Entries shown:
++++++++++

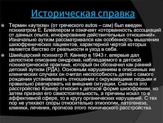 Термин «аутизм» (от греческого autos – сам) был введен психиатром Е. Блейлером и означает «оторванность ассоциаций от данных опыта, игнорирование действительных отношений». Изначально аутизм рассматривался как особенность мышления шизофренических пациентов, характерной чертой которых является бегство от реальности и уход в себя.
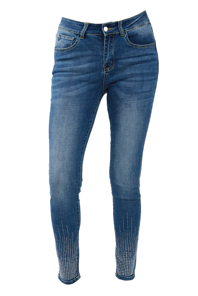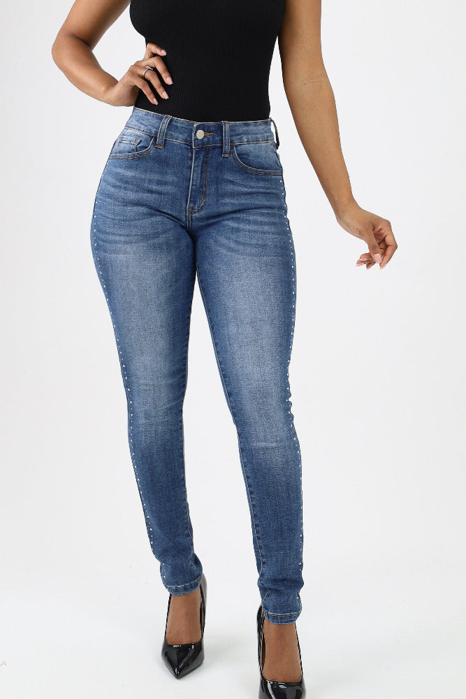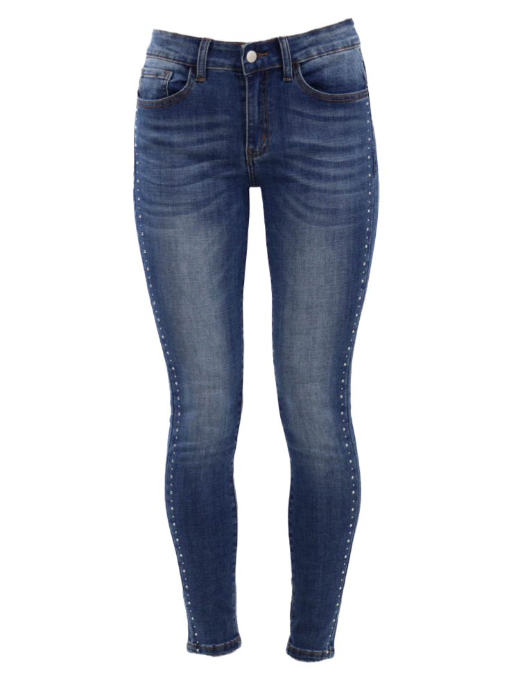 Side-Seam Stone Accent Skinny Jeans - Blue
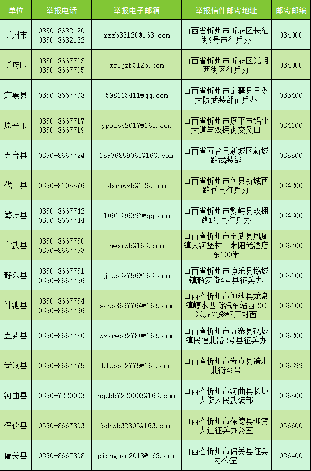 為認(rèn)真貫徹落實(shí)上級(jí)關(guān)于廉潔征兵的政策規(guī)定,維護(hù)廣大應(yīng)征青年的合法權(quán)益,嚴(yán)明征兵紀(jì)律,拓寬監(jiān)督渠道,營造風(fēng)清氣正的征兵環(huán)境,現(xiàn)將2025年忻州市級(jí)廉潔征兵監(jiān)督員和市縣兩級(jí)舉報(bào)電話、郵箱等信息予以公示,歡迎全社會(huì)對(duì)征兵工作進(jìn)行監(jiān)督。
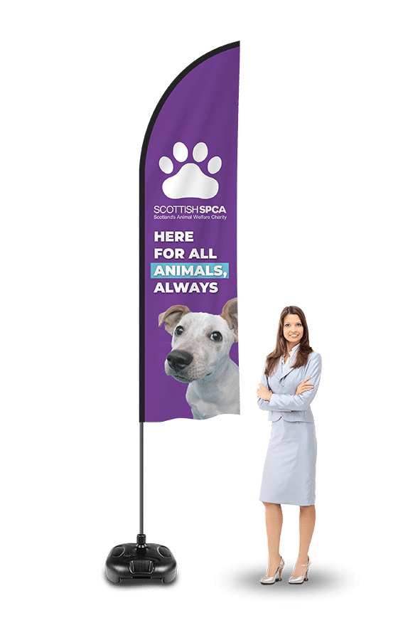Banner World is the UK’s leading supplier of printed feather flags, offering sail flags in full-colour designs using dye-sublimation printing for deep, vibrant colours. Our feather banner flags are available in a variety of shapes, styles, and sizes to meet your needs, whether single-sided with a mirror-image reverse or double-sided with a block-out liner for clear designs on both sides.
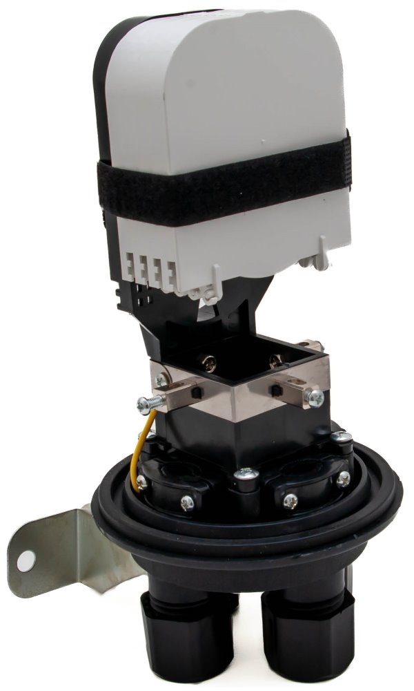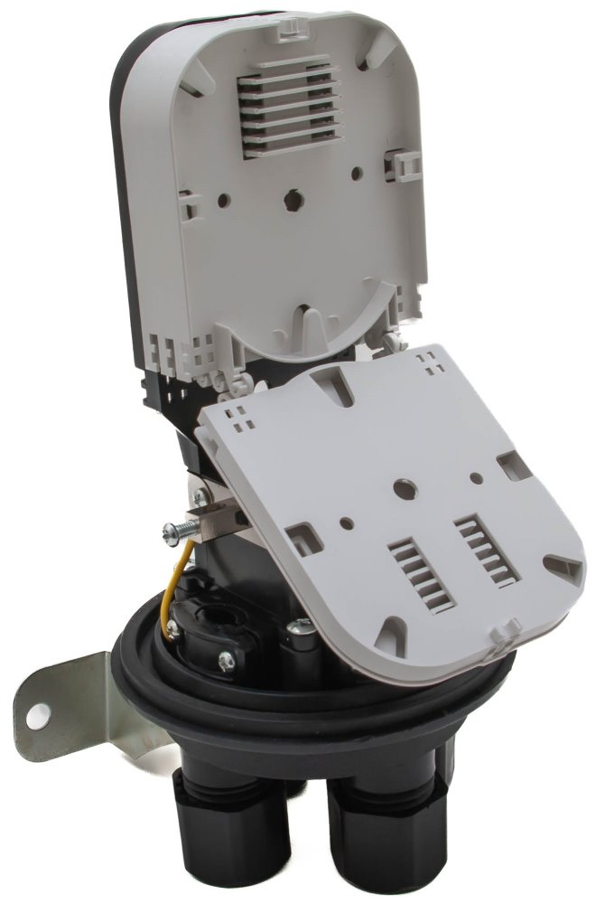 Vodotěsná spojka/rozvaděč, hrncového typu. Pro podzemní a nadzemní instalaci, součástí je kompletní instalační příslušenství včetně optických kazet. Maximální kapacita pouzdra je 24 vláken (4 kazety po 6 svarcích).

++++++++++

Exercise instructions:
Both boundary lines included, write out word for word only the lines above from the one containing "Side-Seam Stone Accent Skinny Jeans - Blue" to the one containing "為認(rèn)真貫徹落實(s", leaving out any pictures.

Task answer:
 Side-Seam Stone Accent Skinny Jeans - Blue
 為認(rèn)真貫徹落實(shí)上級(jí)關(guān)于廉潔征兵的政策規(guī)定,維護(hù)廣大應(yīng)征青年的合法權(quán)益,嚴(yán)明征兵紀(jì)律,拓寬監(jiān)督渠道,營造風(fēng)清氣正的征兵環(huán)境,現(xiàn)將2025年忻州市級(jí)廉潔征兵監(jiān)督員和市縣兩級(jí)舉報(bào)電話、郵箱等信息予以公示,歡迎全社會(huì)對(duì)征兵工作進(jìn)行監(jiān)督。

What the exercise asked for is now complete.